The transverse transistor Ts 1 is activated as soon as the voltage drop across the electronic choke section threatens to drop below 1.8 V. A current then sets in from 0 V, via resistor R 2 , emitter-base section of transverse transistor Ts 1 , resistor R 3 , diode D 2 , collector-emitter section of series transistor Ts 3 and emitter resistor R 5 after - 48 V of the voltage source. Over the more or less conductive controlled emitter-collector path of the transverse transistor Ts 1 , a current is used which controls the control transistor Ts 2 to such an extent via the resistor R 4 that only enough base current remains for the series transistor Ts 3 that on the series connection of its emitter-collector path with the emitter resistor R 5 results in a voltage drop in the required amount of 1.8 V.

This DC voltage drop, regardless of the load current, kept constant.

This fulfills the task of low-impedance direct current and a wide current range. The AC voltage occurring at the a wire, superimposed on the DC voltage, for example speech levels or data tones, is of course not to be covered by the regulation described; on the contrary, it should not be influenced by the electronic choke. For this, the controlled system must be ineffective in the frequency range of interest.
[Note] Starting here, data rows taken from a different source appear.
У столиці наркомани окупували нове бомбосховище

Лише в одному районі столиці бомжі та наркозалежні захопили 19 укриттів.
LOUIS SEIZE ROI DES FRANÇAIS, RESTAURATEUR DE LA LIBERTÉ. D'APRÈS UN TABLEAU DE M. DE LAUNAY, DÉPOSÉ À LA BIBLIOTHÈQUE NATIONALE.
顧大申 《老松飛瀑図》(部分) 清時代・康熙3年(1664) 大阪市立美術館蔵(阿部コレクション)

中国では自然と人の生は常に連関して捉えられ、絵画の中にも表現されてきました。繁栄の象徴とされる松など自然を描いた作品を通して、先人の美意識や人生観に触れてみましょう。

This causes the filter capacitor C 1 or C 1 ' and a second filter capacitor C 2 or C 2' between the collector of the transverse transistor Ts 1 and -48 V according to FIG. 2. Characterized in that the first filter capacitor C 1 at the emitter of the series transistor Ts 3 is switched instead of at -48 V, a favorable negative current feedback is additionally effected.

The circuit also has the desired short-circuit strength if the emitter resistor R 5 of the series transistor Ts 3 is correctly dimensioned. Then the voltage drop across R 5, for example at a load current of 330 mA, reaches the threshold voltage of the base-emitter path of the control transistor Ts 2 . This then becomes even more low-resistance and reduces the base current of the first series transistor Ts 3 , as a result of which the load current is limited to 330 mA.
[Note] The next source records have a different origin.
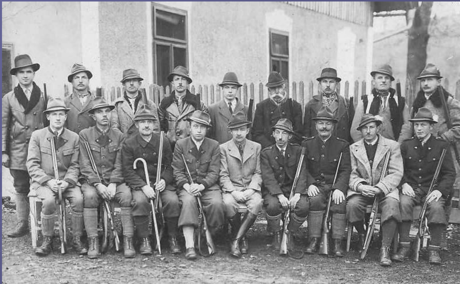
Мисливців с. Лопушна та гості.
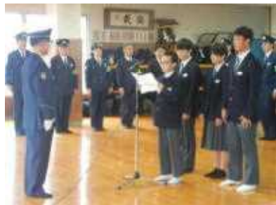
年末年始特別警戒取締隊「ひなもり隊」発隊式に参加しました。
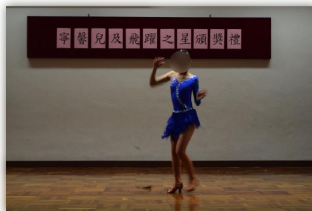
同學即場表演及跳舞。
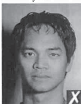
ombre dietro la testa
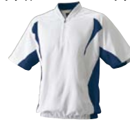
1070 ホワイト×ネイビー
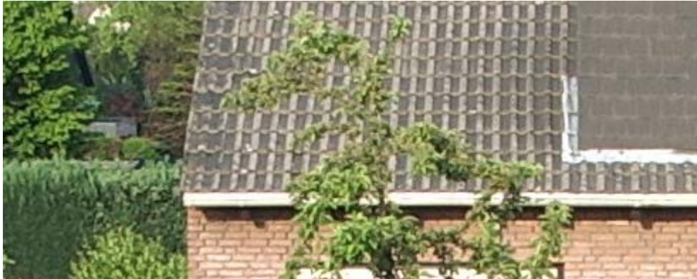
1:1-Ausschnitt aus einem Foto mit 2304x1728 Pixel, *** ISO 50, Schärfe 0, Kontrast 0, Farbsättigung 0 Aufgenommen bei 35 mm Brennweite (äquiv. Kleinbild)

Schärfungsartefakte z.B. an harten Übergängen sichtbar werden. Aber welche Einstellung optimal ist, muss jeder für sich selbst herausfinden - am besten mithilfe einiger Testaufnahmen für Schärfe, Kontrast und Farbsättigung.
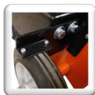
Frein de parc
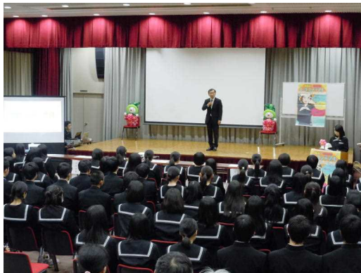
開会式(学校長挨拶)
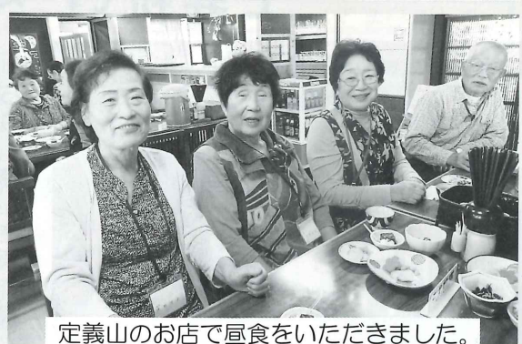
定義山のお店で昼食をいただきました。 美味しかったあ～！
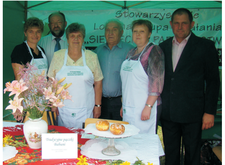
Koło Gospodyń z Golejewa na wystawie w Sierpcu
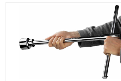
Т-образный вороток с удлинителем для работы в труднодоступных местах

If the power loss of the series transistor Ts 3 is to be kept small in the event of an overload, a decreasing current limitation is advantageously used. This is achieved according to claim 3 by connecting the base of the control transistor Ts 2 via a series connection of a resistor R 7 and a further Zener diode D 3 to the a wire of the line ( FIG. 2). This dashed-dotted current path has the known effect that after reaching the load current limit of 330 mA and exceeding the Zener voltage of the Zener diode D 3, the load current is greatly reduced or, if R 7 is appropriately dimensioned, completely decreases.

The diode D 2 prevents an inadmissibly high reverse voltage from reaching the base of the transverse transistor Ts 1 in the event of an overload.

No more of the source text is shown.